___ DATA EXTRACTS ___

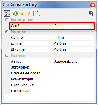 - Выберите один или несколько компонентов из компоновки перекрытия Factory. Нажмите и удерживайте клавишу CTRL или SHIFT для выбора нескольких объектов. Имя слоя выбранного компонента отображается в верхней части обозревателя Свойства Factory. Если выбрано несколько компонентов на разных слоях, то вместо имени слоя выводится *Многозначный*.
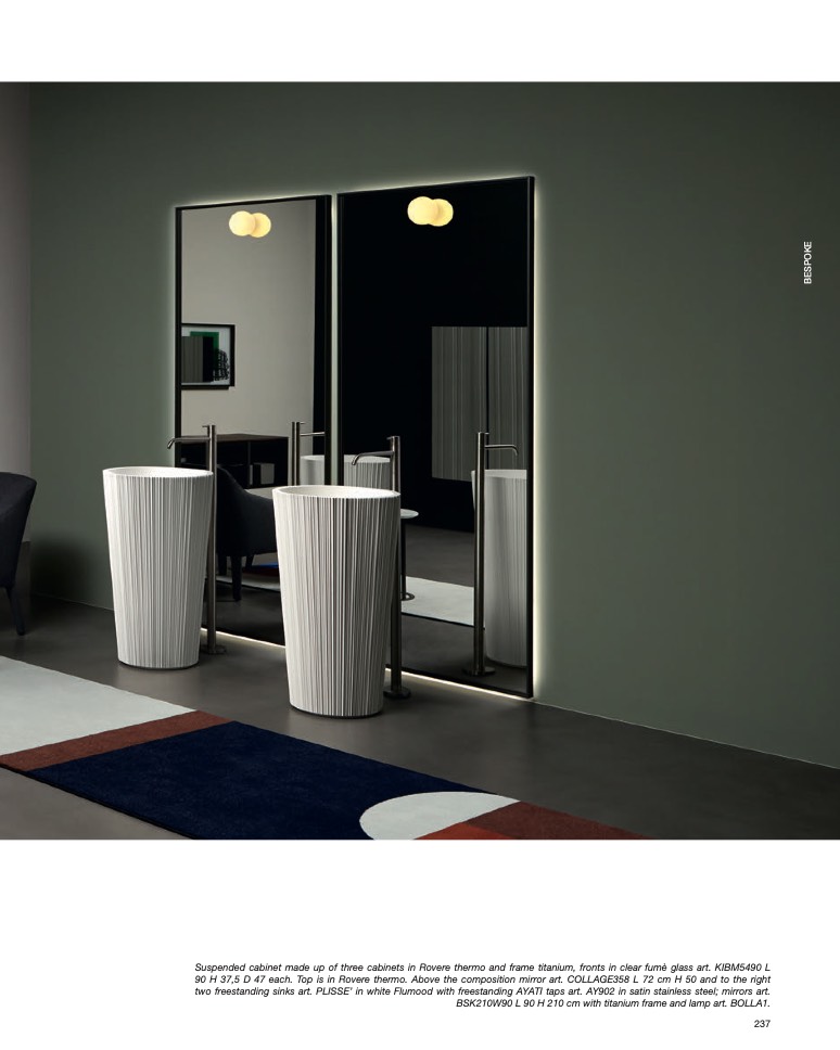 90 H 37,5 D 47 each. Top is in Rovere thermo. Above the composition mirror art. COLLAGE358 L 72 cm H 50 and to the right
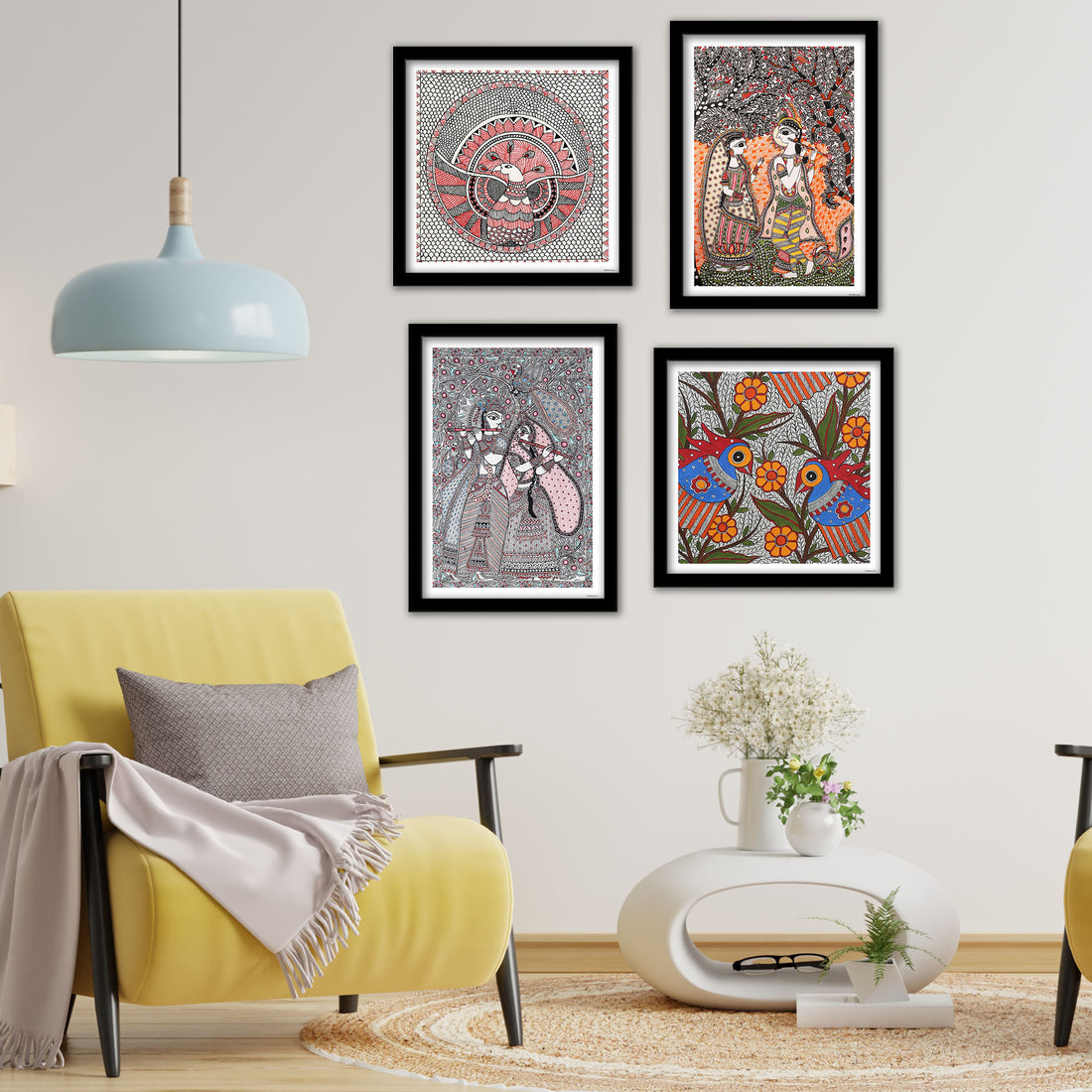 Radha Krishna Decorative Madhubani Wall Frame Set of Four
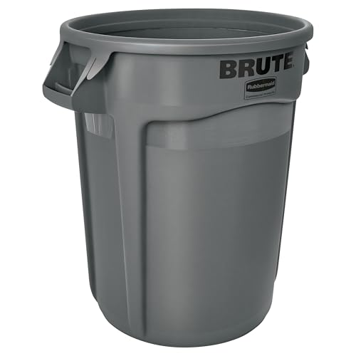 Rubbermaid Commercial Products BRUTE Round Rubbish Bin 121 L Grey – Heavy-Duty Bin with Venting Channels for Home, Garage, Construction Sites, Outdoors and Driveway – FG263200GRAY
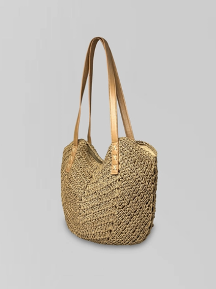 Уникальная сумка-хобо соломенная с вышитыми крестиками на ручках - идеальный...

___

## WORK ITEM
Return all the records above exactly, pictures omitted.

## RESPONSE AREA
 - Выберите один или несколько компонентов из компоновки перекрытия Factory. Нажмите и удерживайте клавишу CTRL или SHIFT для выбора нескольких объектов. Имя слоя выбранного компонента отображается в верхней части обозревателя Свойства Factory. Если выбрано несколько компонентов на разных слоях, то вместо имени слоя выводится *Многозначный*.
 90 H 37,5 D 47 each. Top is in Rovere thermo. Above the composition mirror art. COLLAGE358 L 72 cm H 50 and to the right
 Radha Krishna Decorative Madhubani Wall Frame Set of Four
 Rubbermaid Commercial Products BRUTE Round Rubbish Bin 121 L Grey – Heavy-Duty Bin with Venting Channels for Home, Garage, Construction Sites, Outdoors and Driveway – FG263200GRAY
 Уникальная сумка-хобо соломенная с вышитыми крестиками на ручках - идеальный...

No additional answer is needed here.